If you happen to be one of those people who toss your empty Dunkin’ Donuts cup out the window or just watch as your McDonald’s cheeseburger wrapper floats away in the wind, then shame on you.
And if you happen to do it within the sight of Amy Moffet, you might just want to make a run for it. Because you’ll soon learn that she has no patience for people who use the city as their personal garbage can.
“If you can take the time to drive to Dunkin’ Donuts to get a coffee, you can take the time to throw it away,” Moffett said.
To say that Moffett isn’t too keen on all the trash she’s been seeing around Concord is probably the understatement of the year and considering it’s November, that’s saying a lot.
Her trash picking up endeavor started a few years ago and has turned into what some may consider a mini crusade. First it was an Earth Day thing. Armed with a big trash bag and rubber gloves, Moffett would walk around her neighborhood picking up what others thought was appropriate to just discard wherever they pleased. That first year turned into what she estimated to be about 30 pounds of garbage.
But just doing it on Earth Day wasn’t enough, which was music to the ears of her daughter who attends Bates College and is majoring in environmental studies.
Fast forward a couple years and Moffett is picking up trash at least once a week, sometimes even more depending on how well equipped she is to tackle the stuff that has been out in the elements for a long time.
Moffett is an avid walker, going an average of five days a week. Sometimes she goes around her house, on walking trails around the city cemeteries or after work near her office.
“I have five or six places in Concord I really like to walk,” Moffett said.
And at least during one of her walks, she brings her disposable gloves, a grocery store bag and keeps an eye out for things that don’t belong on the streets, in the woods or over an embankment.
“I don’t always bring a bag with me,” she said. “Sometimes I do and other days I want to put my headphones in and not carry a big bag of trash.”
Let’s just say she’s collected quite a bit of stuff to bring to the dump over the last couple years.
“I don’t want my dog eating it or your child touching it,” she said.
One day she found 25 things and wasn’t even out for that long.
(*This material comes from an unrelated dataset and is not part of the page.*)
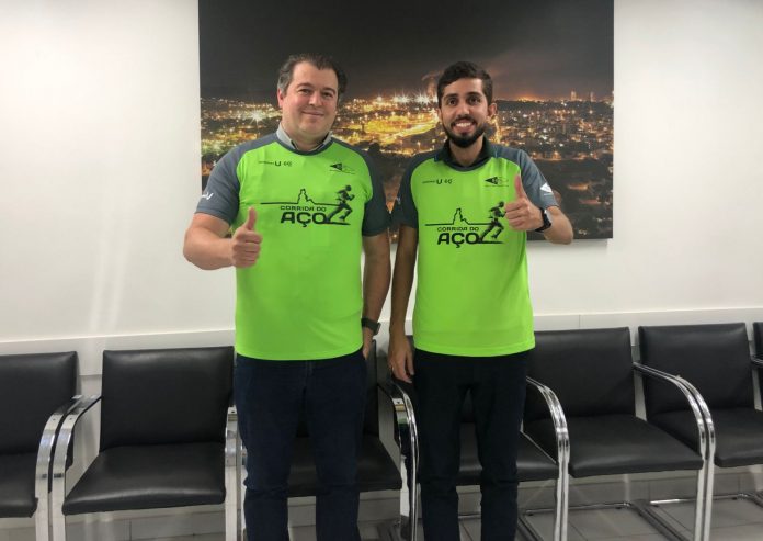 Na tarde desta quinta-feira (20), representantes da Usiminas, do Instituto Usiminas, do Instituto Brasil Igualdade Social (IBIS) e da Associação de Cultura e Esporte e Lazer Pace 3, fizeram uma entrega oficial de kits da 2ª Corrida do Aço para o prefeito de Ipatinga, Gustavo Nunes, e demais integrantes de sua equipe de governo. A Corrida do Aço é realizada pelo Instituto Brasil Igualdade Social (IBIS), em parceria com a Associação de Cultura e Esporte e Lazer Pace 3. O patrocínio é da Usiminas, por meio da Lei Estadual de Incentivo ao Esporte, com apoio do Instituto Usiminas, Usisaúde e Prefeitura Municipal de Ipatinga. Na foto, o diretor de Sustentabilidade e Relações Institucionais da Usiminas, André Chaves, e o prefeito Gustavo Nunes.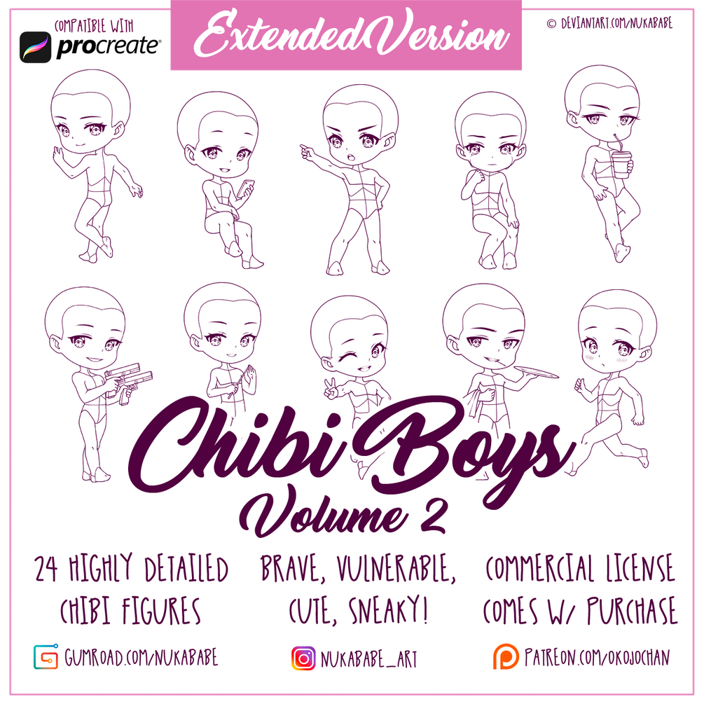 24 Procreate Stamps - Male Chibi Poses Vol. 2 [+PNG]

“I just couldn’t believe it,” she said. “I could do this every time.”
When we tagged along for one of her walks along Commercial Street near Horseshoe Pond, the list of items she picked up was, well, the opposite of impressive. There was a red Solo cup, a cigarette box, a Dunkin’ Donuts bag with a soda can in it, an empty vodka bottle, an energy chew wrapper (which we didn’t even know those existed), bottles, cans, a real plate from someone’s house and one of those green plastic pots that she planned on using.
“If you look quickly, you’d think there’s not a lot of trash there,” Moffett said.
And that was just the stuff she could reach, cause down near the water was about 50 bottles and cans and lots of other items that don’t belong on the ground, let alone near a pond that geese swim in.
“One day I found a diaper,” Moffett said.
If you’re curious what’s the most interesting things Moffett has found, well, she came across a bathtub in the woods one day (that she couldn’t remove because it’s a bathtub) and a broken tiara with a “Never Give Up” T-shirt wrapped around it. As Moffett put it, “apparently the person did give up.” She even found one of those double coffee cake wrappers with one coffee cake still in it.
“I was like, ‘Are you kidding me?’ ” Moffett said.
She’s even has been taking things home from the office to recycle, although her husband asked her to stop.
All this talk about picking up trash got us thinking. What if every Concord resident (and anybody else who’s reading this that doesn’t live here) spent 15 minutes a month cleaning up their street or around their office? Just think of the kind of headway we’d make in a short amount of time. Moffett has already accepted the challenge, will you?
“That’d be a lot of garbage,” she said.